▸ **What the task asks**
From the records below, extract only the lines running from the line with "Merbein FNC U/13" to the line with "For more information", both lines included, reproducing them exactly.

▸ **Provided records**
■ ■ ■

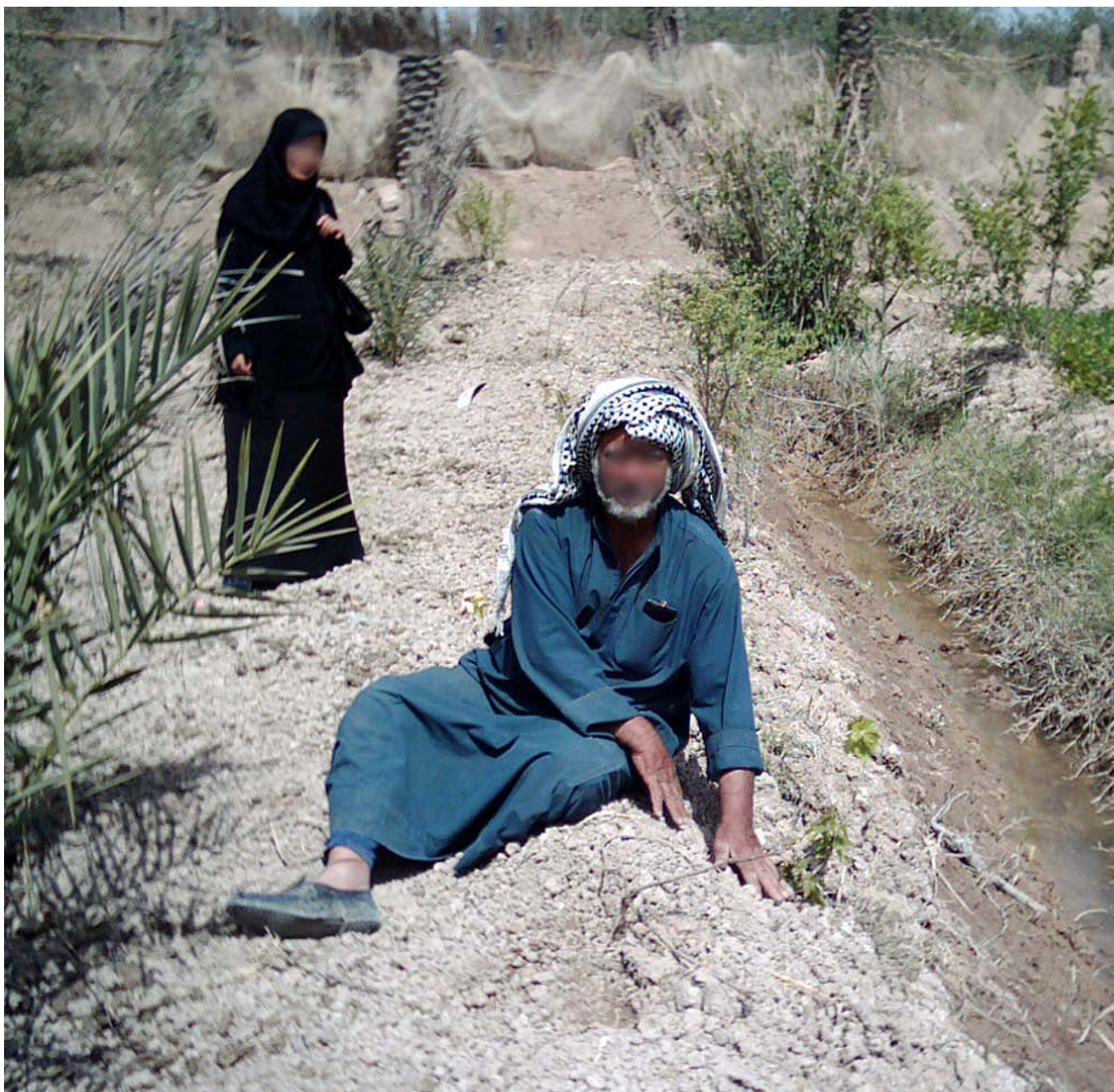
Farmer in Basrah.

■ ■ ■

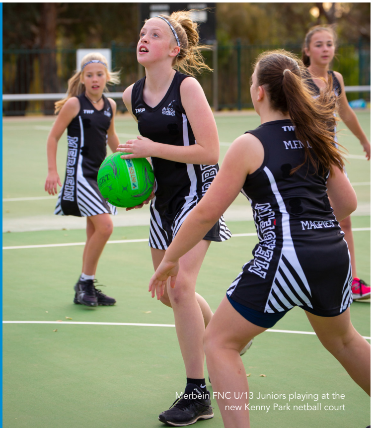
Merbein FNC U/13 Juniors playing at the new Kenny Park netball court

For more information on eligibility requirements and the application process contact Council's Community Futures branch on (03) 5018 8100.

■ ■ ■

▸ **Answer to the problem**
Merbein FNC U/13 Juniors playing at the new Kenny Park netball court

For more information on eligibility requirements and the application process contact Council's Community Futures branch on (03) 5018 8100.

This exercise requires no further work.